Spark decoded

“Guy’s account,” said Henry, “is substantially the same as the others, with the most interesting exception that he gets Tol calls from London at between six and seven in the evening when the cheap rate is on. In his opinion the offender is a schoolboy.”

—Muriel Spark, Memento Mori (1958), chap. 11

 

A slip? Tol for toll? But here it is again:

“Nonsense,” said Dame Lettie. “A middle-aged man.”

“It is simple,” said Henry, “to trace a Tol call from London to the country. And yet the police have not traced any caller to Guy Leet at Stedrost.”

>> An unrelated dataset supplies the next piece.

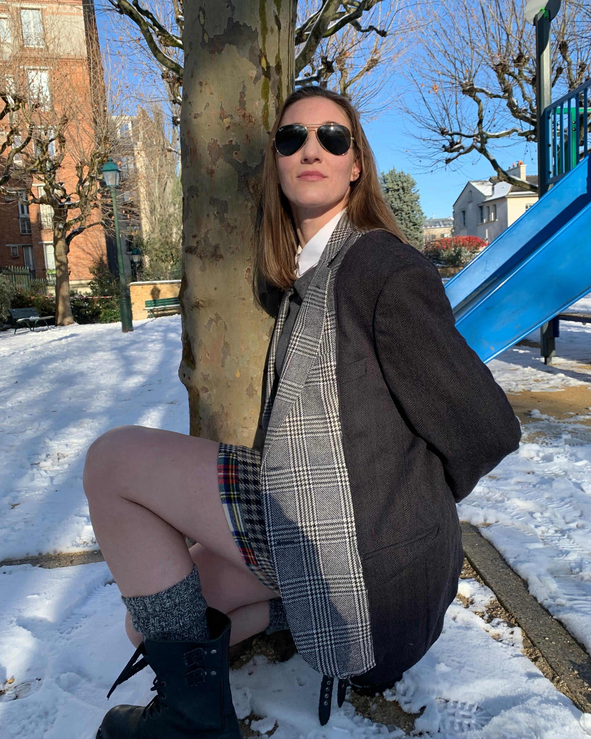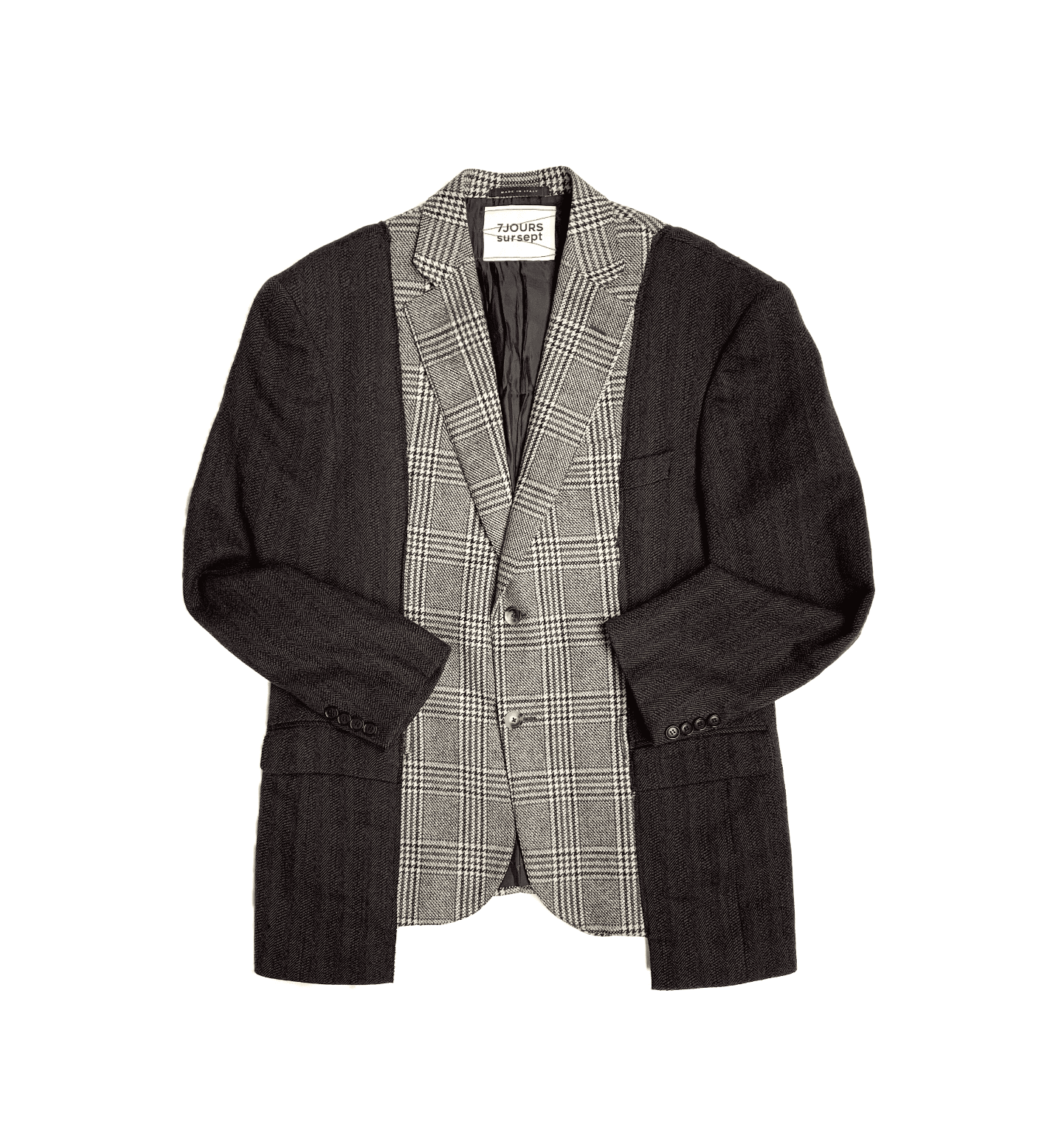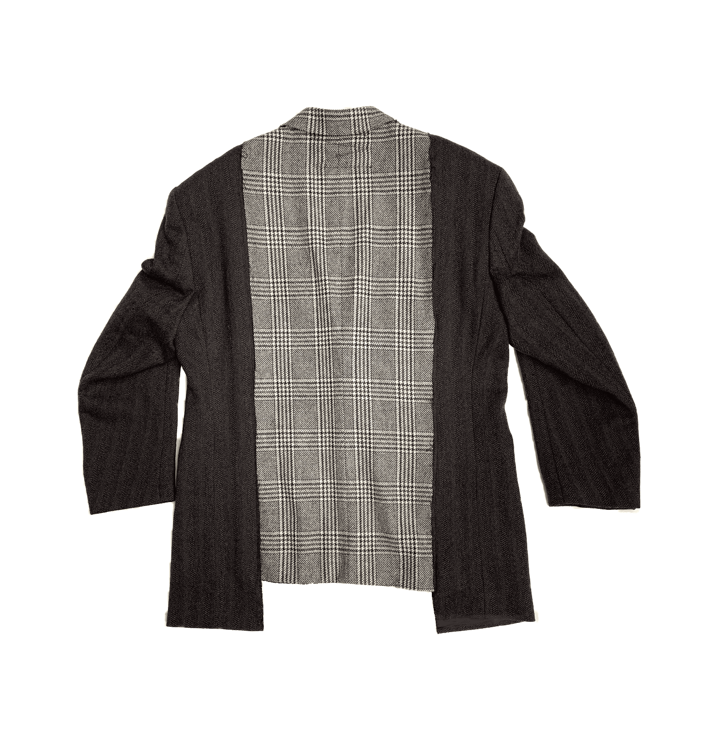 That oversized wool jacket has been made with a large men'suit brown herringbone jacket coupled with a black and white Prince of Wales one for the front and back part.

And indeed, Tol was a shorthand for placing a metered call within the London exchange:

Previously, making a trunk call involved what was known as ‘delay working’ where a subscriber booked long distance calls in advance and was later rung back by the operator when one of the trunk lines became available. Obviously, the greater the demand made on the exchange, the longer the wait. Under the new ‘Toll’ system subscribers were now able to ask the local operator for ‘Tol’ for calls to exchanges within the London Toll Area. They were then connected to the Toll operator who completed the call while the subscriber remained at the telephone. Later, as more automatic exchanges were introduced, the subscriber simply had to dial ‘TOL’ to be connected to the Toll operator.

Dialing TOL was a service like dialing TIM for the time, as fans of Tom Stoppard’s If You’ll Be Glad I’ll Be Frank know. Or dialing UMP to get cricket scores?!